## WORK INSTRUCTION:
Word for word, restate the lines of the listing below from the line with "この7連ハンガーに洗濯ハンガ" through the line with "This gorgeous Jacksonville", and do not include the pictures.

## EXERCISE MATERIAL:
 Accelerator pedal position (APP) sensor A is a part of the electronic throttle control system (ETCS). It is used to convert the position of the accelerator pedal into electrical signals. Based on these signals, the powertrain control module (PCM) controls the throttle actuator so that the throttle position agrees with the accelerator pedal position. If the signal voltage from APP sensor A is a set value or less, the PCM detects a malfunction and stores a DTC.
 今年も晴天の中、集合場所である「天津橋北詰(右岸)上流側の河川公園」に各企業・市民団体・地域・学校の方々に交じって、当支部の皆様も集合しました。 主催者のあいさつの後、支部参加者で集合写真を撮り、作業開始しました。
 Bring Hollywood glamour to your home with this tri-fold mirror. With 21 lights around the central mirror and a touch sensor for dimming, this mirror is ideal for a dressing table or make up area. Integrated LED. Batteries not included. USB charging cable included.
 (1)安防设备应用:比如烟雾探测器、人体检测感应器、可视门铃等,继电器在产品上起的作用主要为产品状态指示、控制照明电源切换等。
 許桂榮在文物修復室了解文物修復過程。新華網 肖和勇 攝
* * *
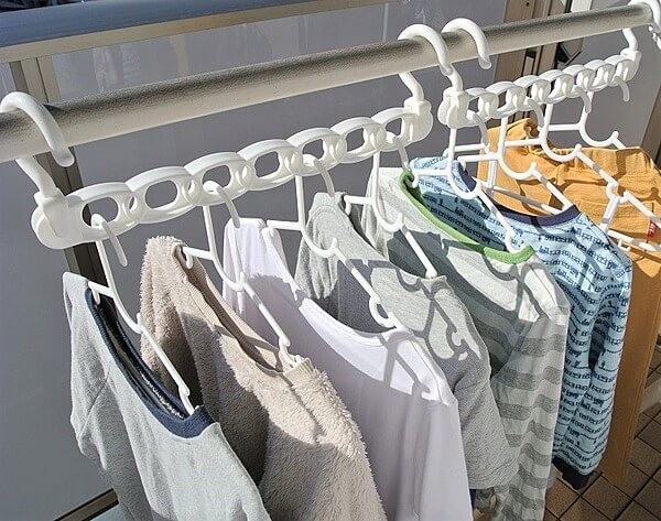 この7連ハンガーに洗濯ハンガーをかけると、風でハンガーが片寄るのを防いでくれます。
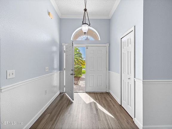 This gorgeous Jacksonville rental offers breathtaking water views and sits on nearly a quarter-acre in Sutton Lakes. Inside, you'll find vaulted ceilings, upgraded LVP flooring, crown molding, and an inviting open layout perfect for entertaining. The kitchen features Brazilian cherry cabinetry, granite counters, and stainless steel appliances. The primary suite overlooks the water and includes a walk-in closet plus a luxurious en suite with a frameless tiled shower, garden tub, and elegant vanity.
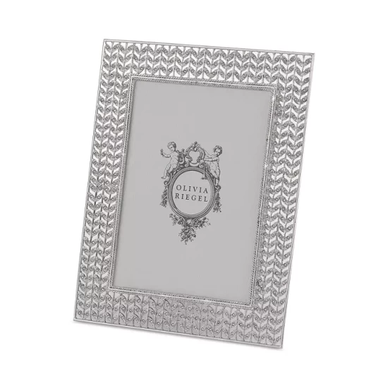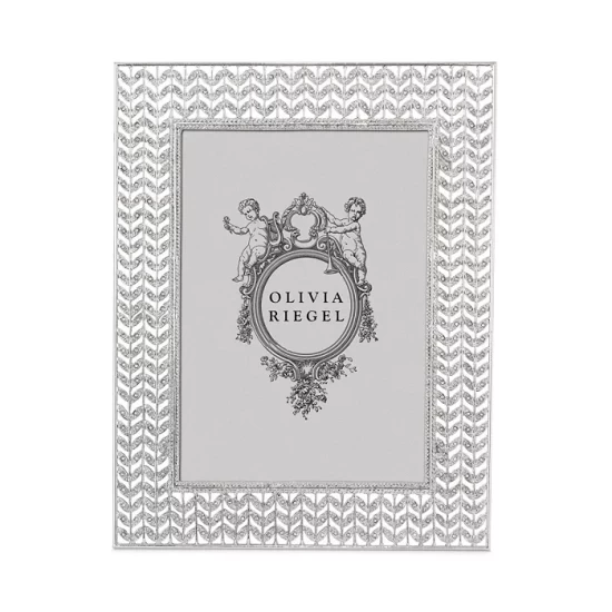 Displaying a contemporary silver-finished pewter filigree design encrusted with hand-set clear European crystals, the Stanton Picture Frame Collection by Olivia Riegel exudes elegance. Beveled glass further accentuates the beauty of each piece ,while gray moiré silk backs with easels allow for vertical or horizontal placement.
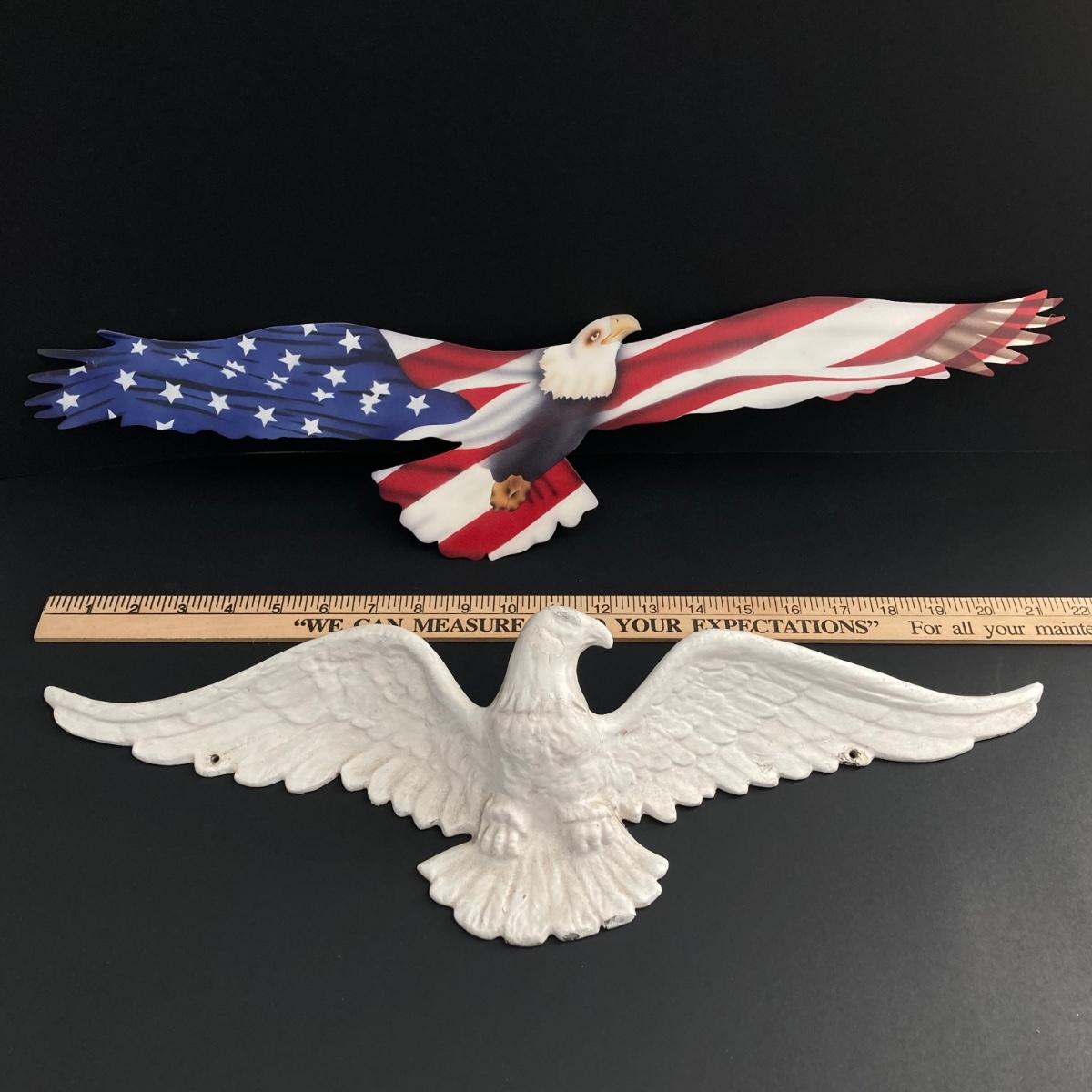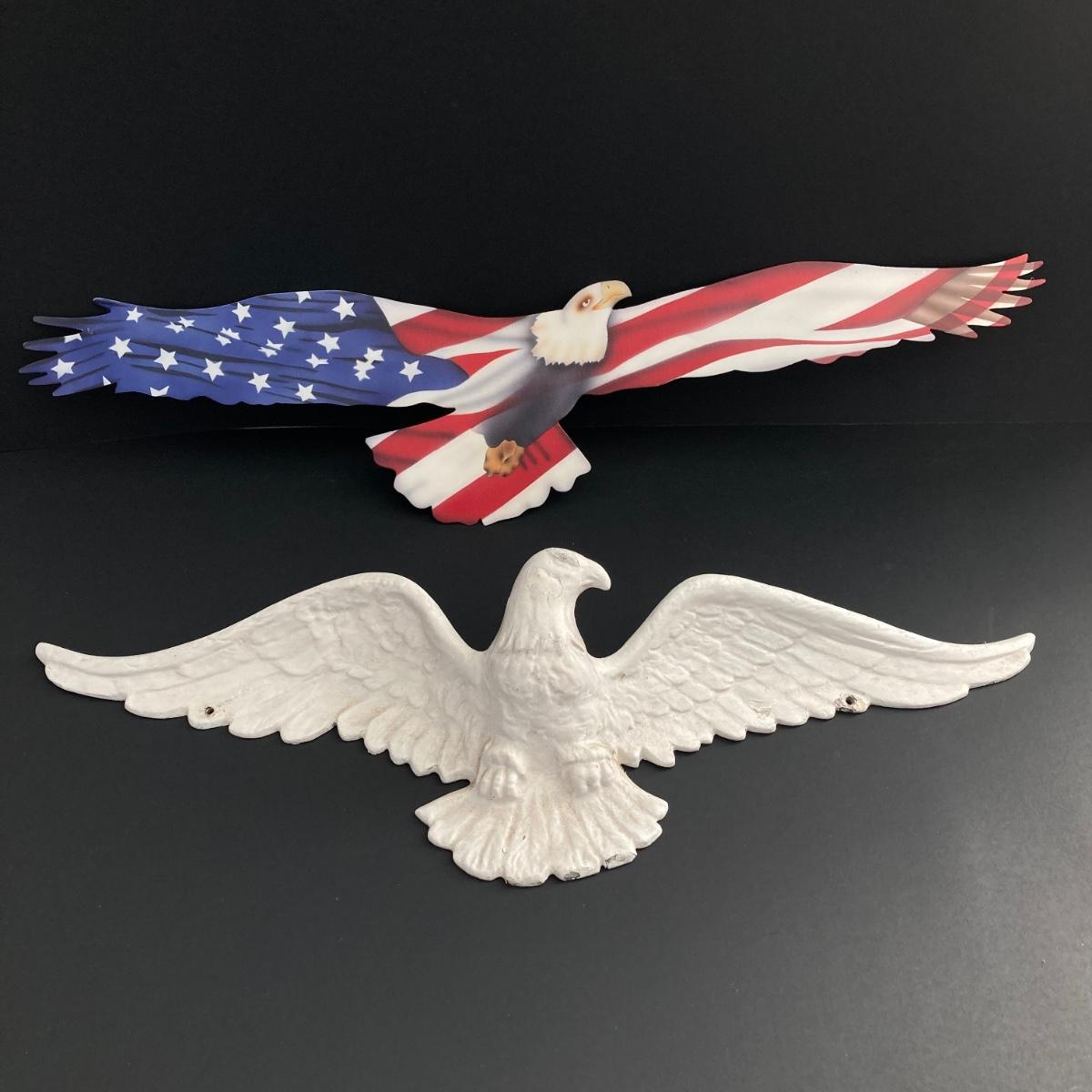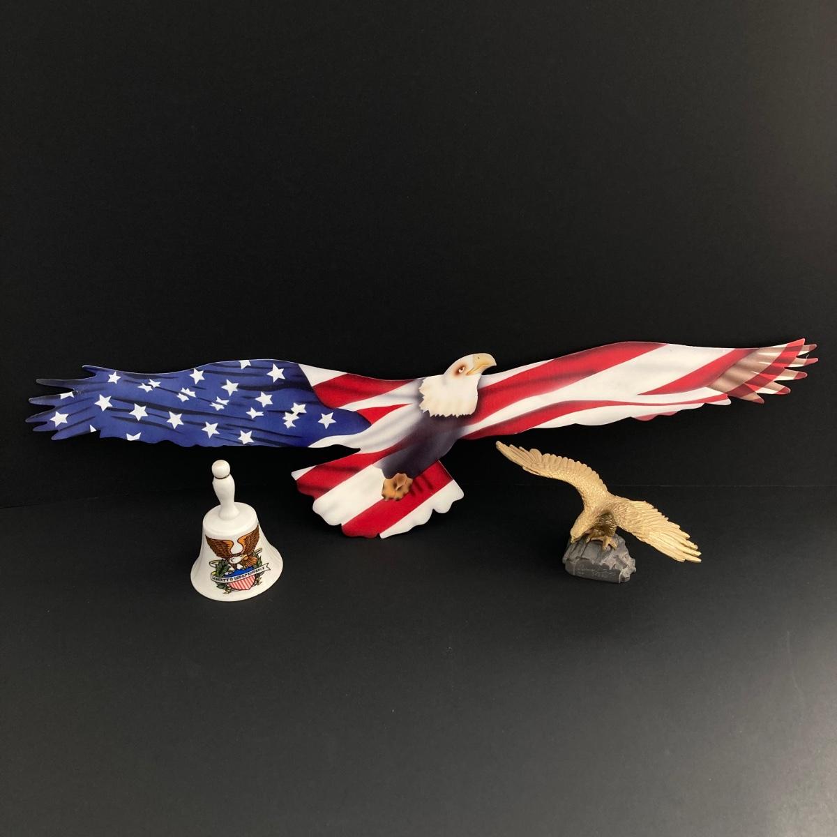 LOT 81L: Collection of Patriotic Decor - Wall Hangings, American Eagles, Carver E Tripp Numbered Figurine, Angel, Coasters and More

## REPLY TO THE EXERCISE:
 この7連ハンガーに洗濯ハンガーをかけると、風でハンガーが片寄るのを防いでくれます。
 This gorgeous Jacksonville rental offers breathtaking water views and sits on nearly a quarter-acre in Sutton Lakes. Inside, you'll find vaulted ceilings, upgraded LVP flooring, crown molding, and an inviting open layout perfect for entertaining. The kitchen features Brazilian cherry cabinetry, granite counters, and stainless steel appliances. The primary suite overlooks the water and includes a walk-in closet plus a luxurious en suite with a frameless tiled shower, garden tub, and elegant vanity.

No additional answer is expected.